Main Features of Mansabdari System
Mansabdari system was of Central Asian origin. Some of the features of Mansabdari System were in vogue during the reigns of Alauddin Khalji and Sher Shah. The Mansabdari system was formally organized and introduced by Akbar in his administration. This system formed the foundation of military and civil administration of Mughal Empire.
Mansab meant rank or status. Akbar disliked jagir system as the same caused unnecessary loss to the central treasury. On the contrary he introduced Mansabdari system. Mansabdars or office holders were divided into 33 classes and were paid in cash according to their respective grades. Each of them had to maintain a certain number of horses and troops. These troops were used by the Mughal Emperor in times of crisis and wars.

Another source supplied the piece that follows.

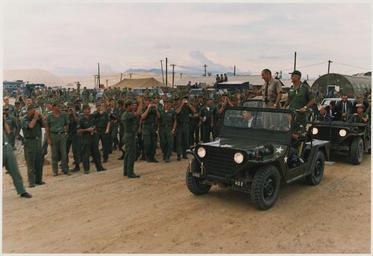 | Keywords: President Lyndon B. Johnson in Vietnam, With General William Westmoreland and the fighting men - NARA - 192510.tif Scope and content Location Cam Ranh Bay Vietnam Depicted President Lyndon B Johnson General William Westmoreland General notes 192510 Local identifier President 1963-1969 Johnson White House Photograph Office 1963 - 1969 Creator Yoichi Okamoto Lyndon Baines Johnson Library NLLBJ 2313 Red River Street Austin TX 78705-5702 1966-10-26 Record group Collection LBJ-WHPO White House Photo Office Collection 11/22/1963 - 01/20/1969 Record group ARC 1153 Johnson White House Photographs compiled 11/22/1963 - 01/20/1969 Series ARC 192480 File unit File unit ARC Variant control numbers NAIL Control Number NLJ-WHPO-A-VN030<br /> Other Identifier C3602-37 yes Other versions NARA-cooperation PD-USGov William Westmoreland Lyndon B Johnson in 1966 1026 Cam Ranh Photographs by Yoichi Okamoto |
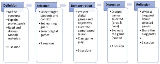 This four-week research was based on a mixed method. Quantitative and qualitative data were gathered through the use of a pre/post-test survey, game demonstrations, class discussion, and students’ reflections in the form of blog posts. The project covered five stages corresponding to different critical thinking skills included in education studies []: defining, selecting, demonstrating, discussing, and reflecting, as shown in Figure 1. Each thinking skill was associated with several academic abilities: stating the problem and becoming familiar with the current situation in DGBL (defining); carefully choosing the most suitable game among different choices on the basis of certain criteria (selecting); explaining and illustrating the games selected through practical examples (demonstrating); debating and evaluating the affordances and limitations of each game with peers (discussing); and considering the learning gains from a critical perspective and expressing the ideas in blog posts (reflecting). For this purpose, students were randomly arranged in teams of 4–5 members in order to find, play, analyze, and select digital games that could be used to teach English to children. The project took place in 8 two-hour class sessions during four weeks.

The lowest mansab was 10; at the end of the reign the highest mansab was raised to 12,000. Mansabdars were generally assigned jagirs in line of pay in cash. Some mansabdars commanded troops recruited not by themselves but by the state.
Most Mansabdars were foreigners or descendants of foreigners Central Asian, Turks, Persians and Afghans. The number of Indian holding this rank was relatively small. Consequently Mansabdars who raised then own troops preferred men of their tribe or race.
The Mansabdars System in India constituted imperial bureaucracy. They were said to be the pillars of the Mughal administration. In fact they formed the ruling class in the Mughal Empire.